Wie sieht es mit dem Thema Kampf gegen den Klimawandel aus? Haben Sie das Gefühl, dass da etwas weitergeht? Oder gab es da vor allem Lippenbekenntnisse?
Schallenberg: Die Bereitschaft ist zunehmend da. Es kann ja keiner mehr leugnen, dass es den Klimawandel gibt. Das kann ja jeder im eigenen Haus verspüren. Die wesentliche Frage wird sein, dass man es so macht, dass es erträglich ist, dass keine Arbeitsplätze vernichtet werden, dass nicht die industrielle Basis gefährdet wird. Das ist in Wirklichkeit die Crux.
Gibt es aus Ihrer Sicht nach dieser intensiven Woche ein besonderes Fazit? Eine neue Erkenntnis, die Sie aus New York nach Hause mitnehmen?
Schallenberg: Es war eine UNO-Generalversammlung, die nicht ausschließlich vom Thema Ukraine und Russland dominiert war.
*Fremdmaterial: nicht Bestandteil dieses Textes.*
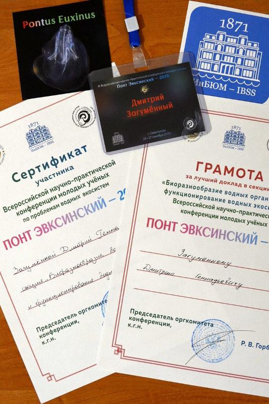 23–27 сентября аспирант медико-биологического факультета ВГУ Дмитрий Загумённый принял участие в работе XI Всероссийской научно-практической конференции для молодых учёных по проблемам водных экосистем «Понт Эвксинский – 2019», которая проходила в Севастополе. Мероприятие было организовано на базе Института биологии южных морей имени А.О. Ковалевского Российской академии наук.
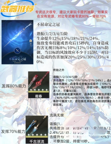 4、专属武器建议选用“不屈命定之冠”,若没有该武器,替代武器可考虑“裁春”与“千古洑流”。
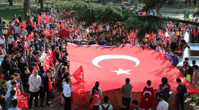 Öğrenciler, kampüs ana giriş kapısında bayraklarla buluştu ve marşlar eşliğinde Rektörlük
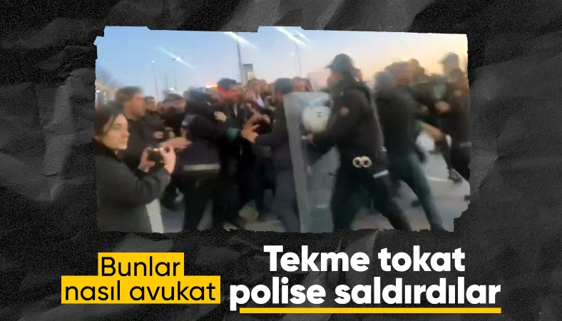 Yürüyüş esnasında yasa dışı protestoya müdahale etmeye çalışan polisleri, İstanbul Barosu avukatları saldırdı.
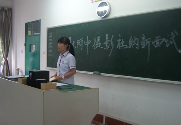 經(jīng)過(guò)開(kāi)學(xué)一周小廣場(chǎng)納新海報(bào)的宣傳,下午第四節(jié)課300多名高一新生學(xué)生帶著報(bào)名表,參加各社團(tuán)指導(dǎo)老師組織的面試考核。各社團(tuán)納新方式豐富多彩,如:報(bào)名廣播臺(tái)的同學(xué)須朗誦一段詩(shī)歌和即興演講一段話,報(bào)名參加合唱團(tuán)的同學(xué)須唱一首歌曲,報(bào)名參加禮儀社的同學(xué)須站立來(lái)一段自我介紹..... 同學(xué)們都在考核中充分展示了自己的才華與自信。在確定社員新成員后,現(xiàn)場(chǎng)還進(jìn)行了社長(zhǎng)、副社長(zhǎng)的自薦和選拔。
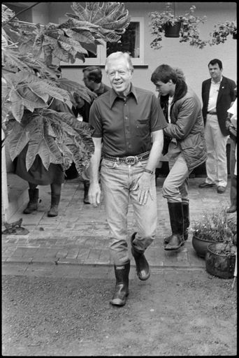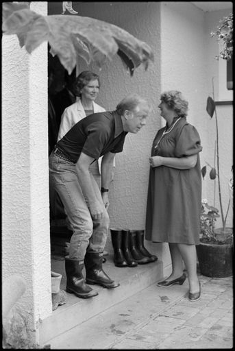 This image was taken by the Evening Standard on the 11th of February 1984 but was not published. It depicts former United States president Jimmy Carter and his wife Rosalynn visiting the hobby-farm of Richard and Barbara Walton at Aokautere.
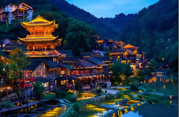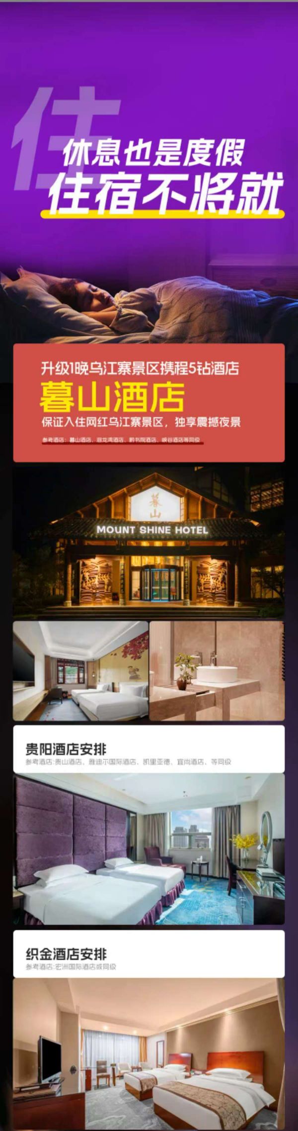 下午:午餐后乘車前往【烏江寨】國際旅游度假區(qū),車程約2.5H(景區(qū)電瓶車已包含,不限次數(shù)乘坐),江南千條水,云貴萬重山,一灣烏江碧水飄落在山間,如黛青山擁簇著烏江寨,兩岸吊腳樓錯(cuò)落有致,滿滿的黔北風(fēng)情,宛若治愈力拉滿的世外桃源,青山、綠水、吊腳樓、青磚黛瓦、民居、民俗、水舞秀...描繪出一幅黔北民居群落的壯美畫卷,在太乙閣碼頭坐上一艘搖櫓船,穿行在氤氳水汽之間,鱗次櫛比的吊腳樓撲面而來,斜倚船頭,坐看云煙升騰,晨光下的美景猶如一幅水墨畫在眼前暈染開來。景區(qū)是集觀光、休閑、度假、康養(yǎng)、會(huì)展為一體的大型綜合業(yè)態(tài)的旅游目的地。景區(qū)內(nèi)辦理入住酒店后自由游覽,晚上景區(qū)內(nèi)可以欣賞震撼壯觀的水舞秀、燈光秀、獨(dú)竹飄,無人機(jī)編隊(duì)表演等。
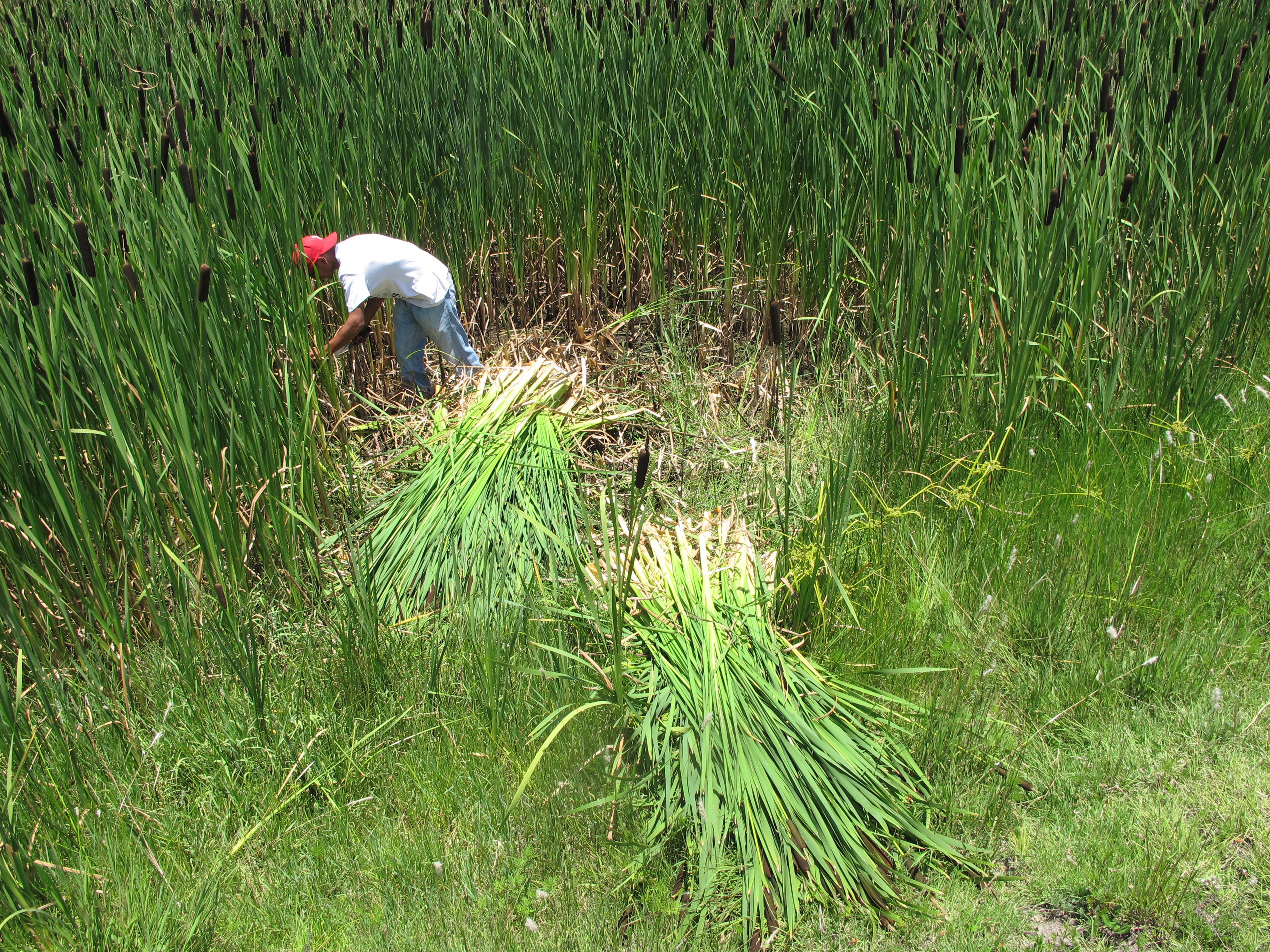 Harvesting tule plant for Liza Grobler woven sculpture.
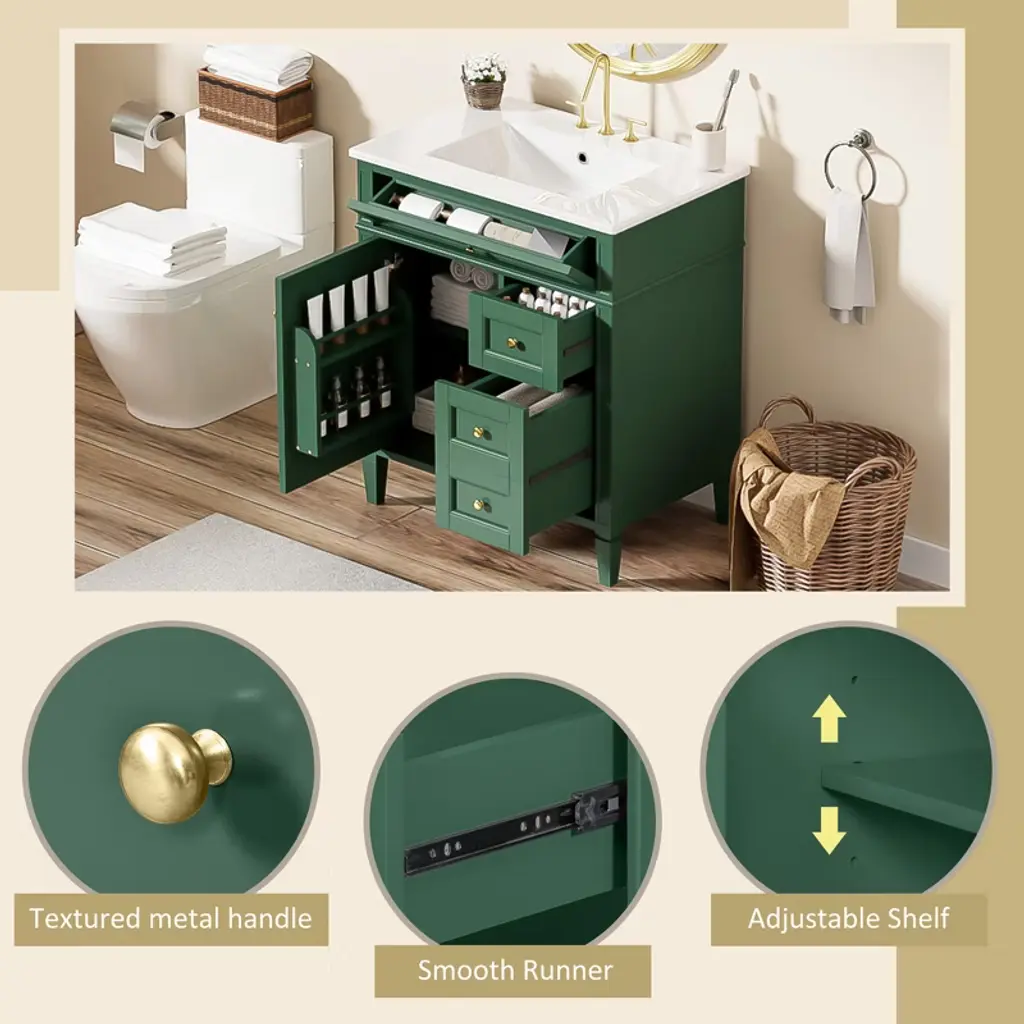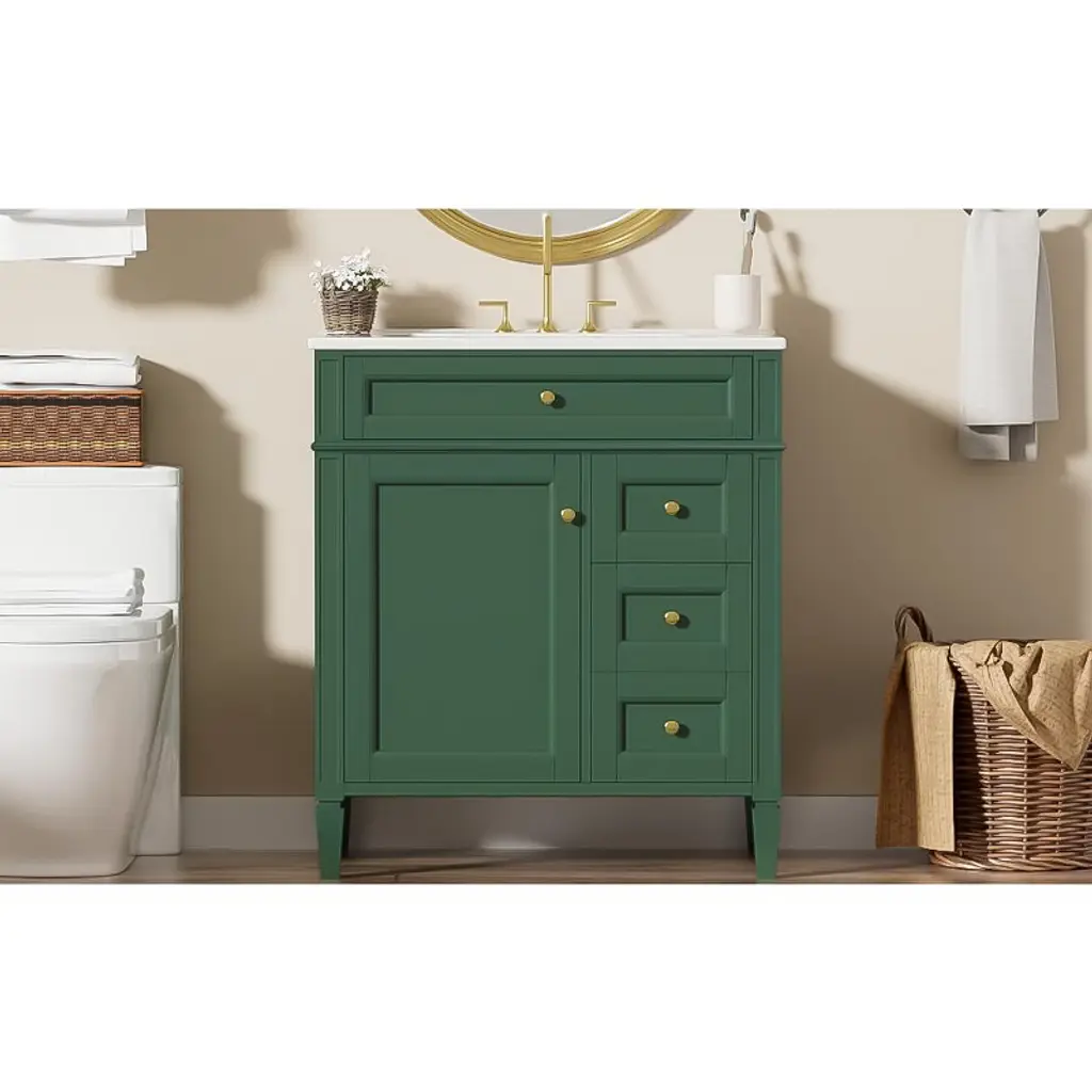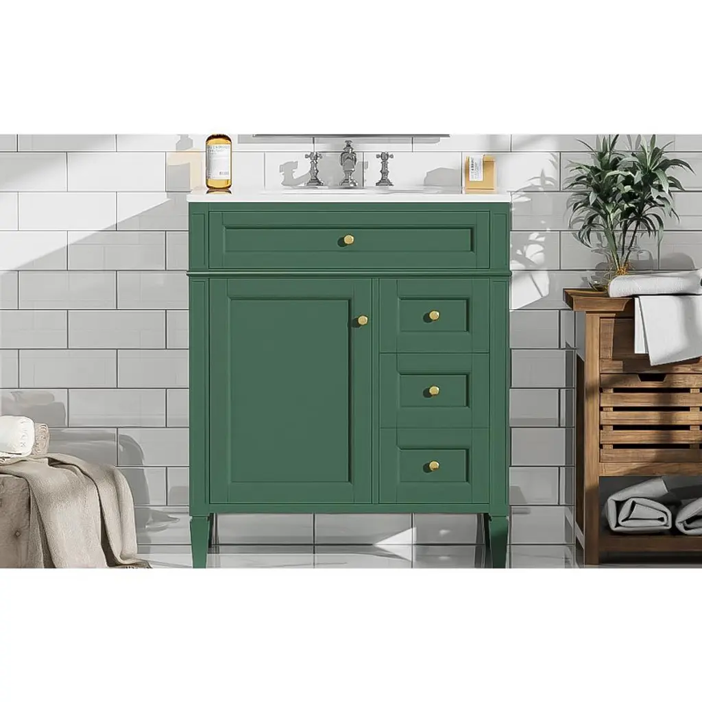 Cowlown Green 30-in Modern Bathroom Vanity With Top Sink, Storage Cabinet With 2 Drawers, Single Sink Bathroom Vanity With Soft-close Doors
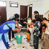 We gathered children from anganwadis and nearby neighborhoods. We explained them about protecting the environment, conserving water, and keeping hands clean. We want everyone to stay healthy and not fall sick. We told them germs are all around us though we can’t see them. These small habits help us stay clean and safe.
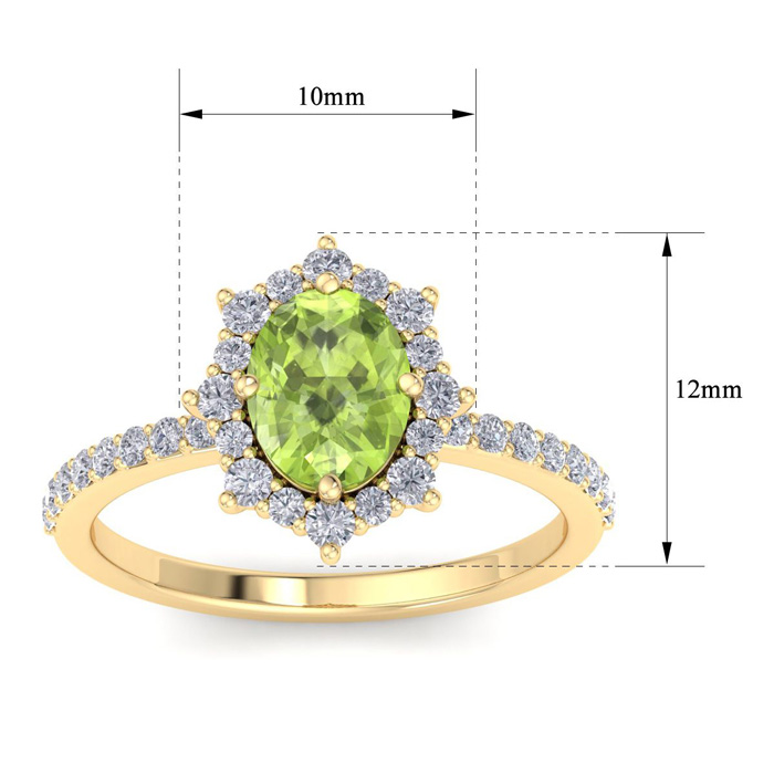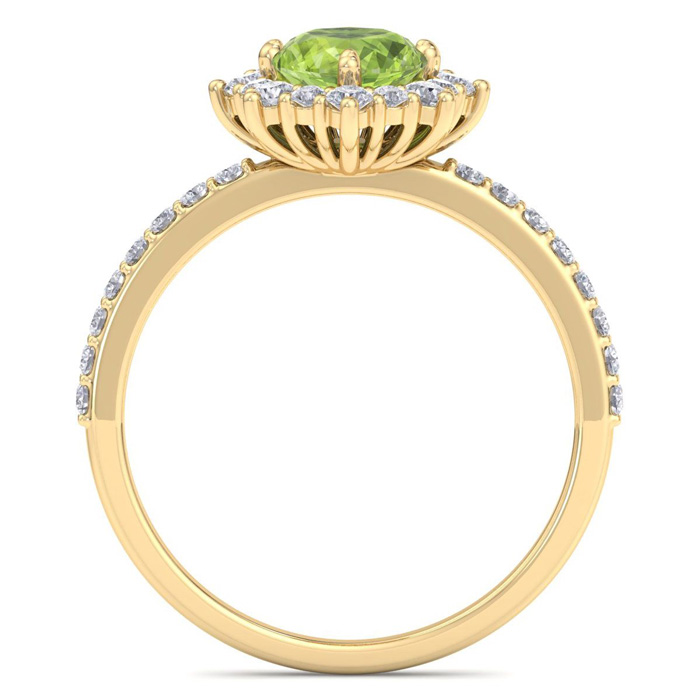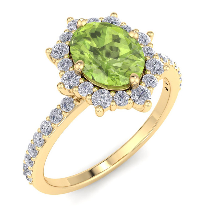 Retrograde Birthstones™ 2 Carat Oval Shape Peridot and Diamond Ring In 14K Yellow Gold
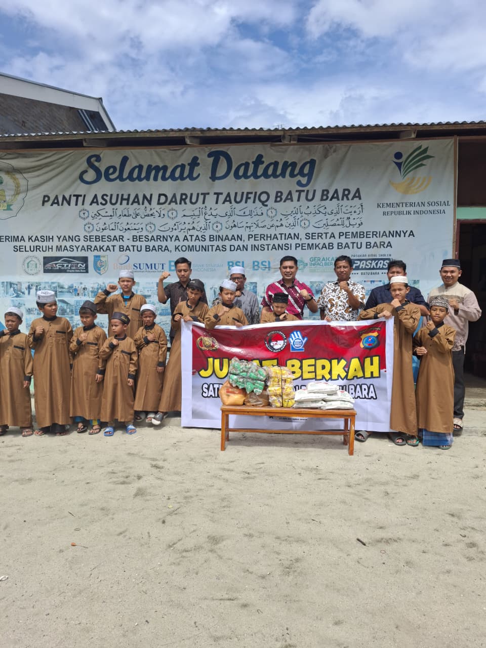 Batu Bara, Barometer99.com – Satuan Reserse Narkoba (Satresnarkoba) Polres Batu Bara melaksanakan kegiatan Jumat Berkah dengan mengunjungi dan memberikan bantuan kepada anak yatim piatu di Panti Asuhan Darut Taufiq, Desa Guntung, Kecamatan Lima Puluh, pada Jumat (27/02/2026). Kegiatan ini dipimpin langsung oleh Kasat Resnarkoba Polres Batu Bara, AKP Arifin Purba, S.H., M.H.
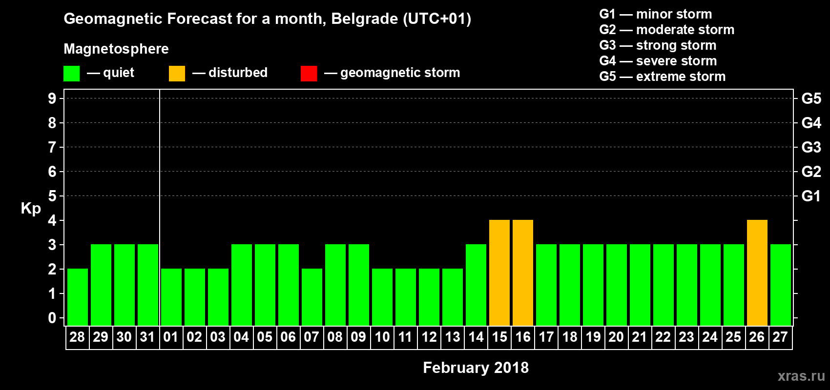 Geomagnetic storm forecast in Belgrade for Jan 28, 2018
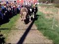 وقال أحد المشاهدين إن الأبقار كانت محبوسة لفترة داخل مكان مغلق في المزرعة ولم تمنح لها الفرصة لأن تنطلق في الطبيعة طوال فصل الشتاء.
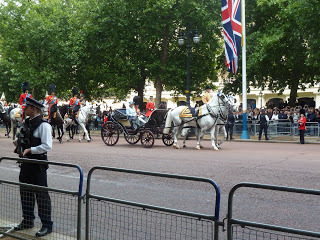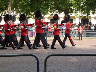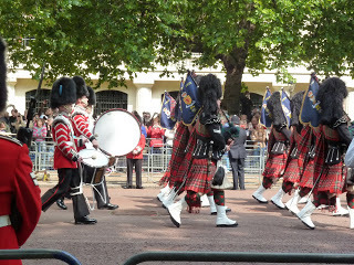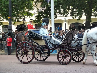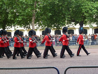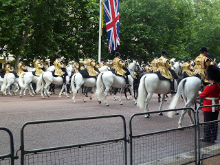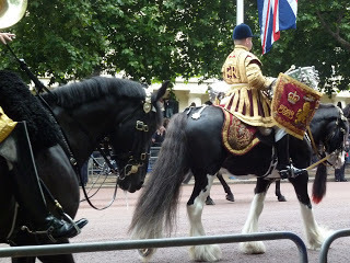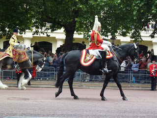 Trooping the Colour is held each June in celebration of the Queen's birthday (her actual birthday is April 21) and is a well-loved pageant. On Saturday, June 11, 2011, I could not resist going to the Mall to watch the procession of troops, bands, cavalry and royal carriages from Buckingham Palace to Horse Guards and back.
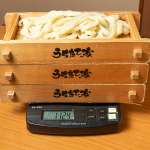 待つこと十数分。目の前にやってきたのは茹でたてのうどんがマス型のざる3段分。早速計測です。うどんが入っているマス型のざるは幅28cm奥行き16cm、3つを重ねて麺を測ると重さは1124g、肉汁は直径14cmの器に重さ437g(ともに器の重さを除く)。トータル1561g。締めに茹で汁を入れて飲み切るなら1.7kg超えは確実です。
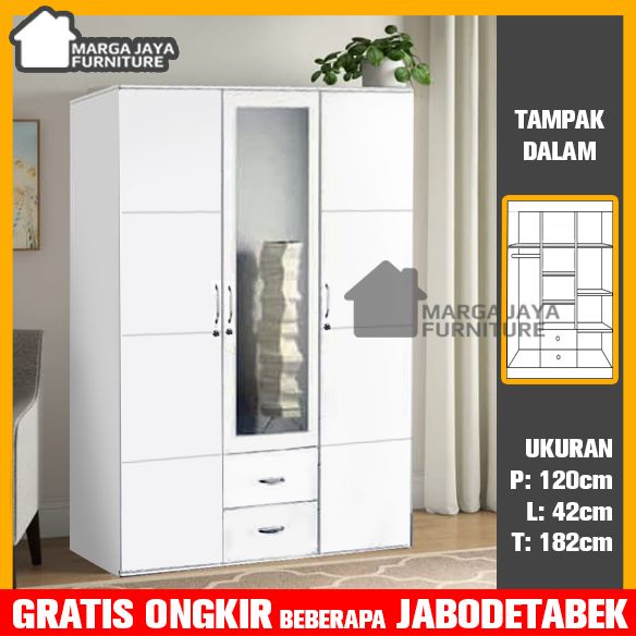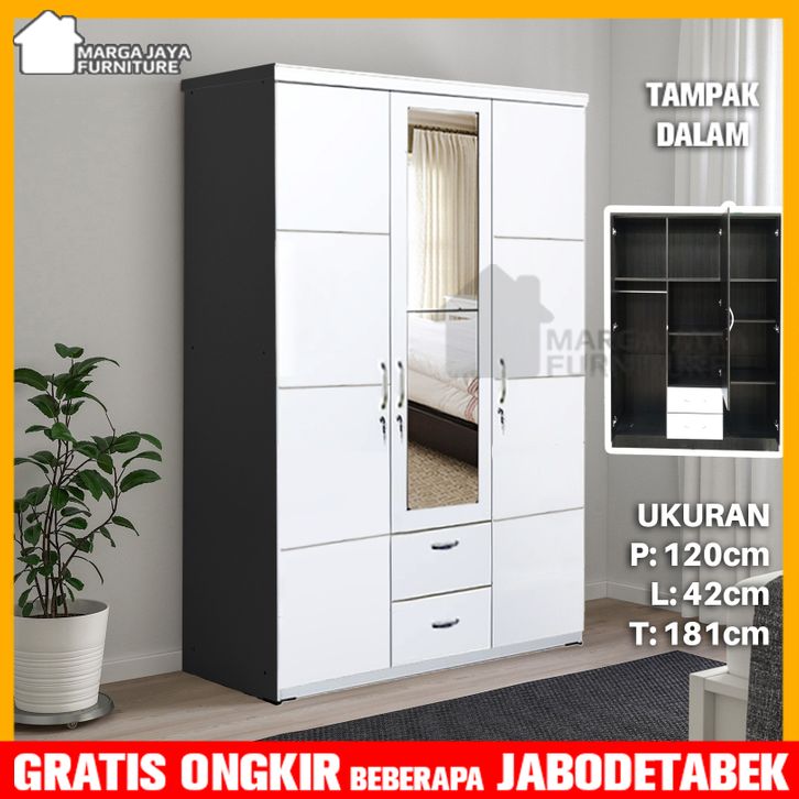 lemari pakaian baju 3 pintu kaca + laci minimalis
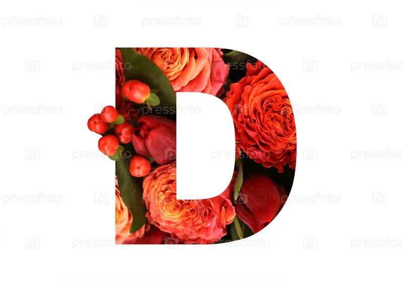 Цветочный шрифт буква D из настоящих красно-оранжевых роз для яркого дизайна. Стильный шрифт из цветов для концептуальных идей

Wir haben sehr viel über den Mittleren Osten gesprochen, über die Situation zwischen Israel und Saudi-Arabien, sehr viel natürlich auch über die Sahelzone oder Westafrika.
Wir dürfen nicht nur eine eurozentrische Nabelschau durchführen und nur an uns denken. Wir haben Krisenherde von Afghanistan über Äthiopien bis zu Burkina Faso, Mali und Niger, Myanmar in Asien. Da müssen wir auch engagiert sein, da müssen wir am Ball bleiben und auch als Europa zeigen, dass wir hier nicht mit zweierlei Maß messen und uns die Ukraine wichtig ist, aber andere Situationen nicht.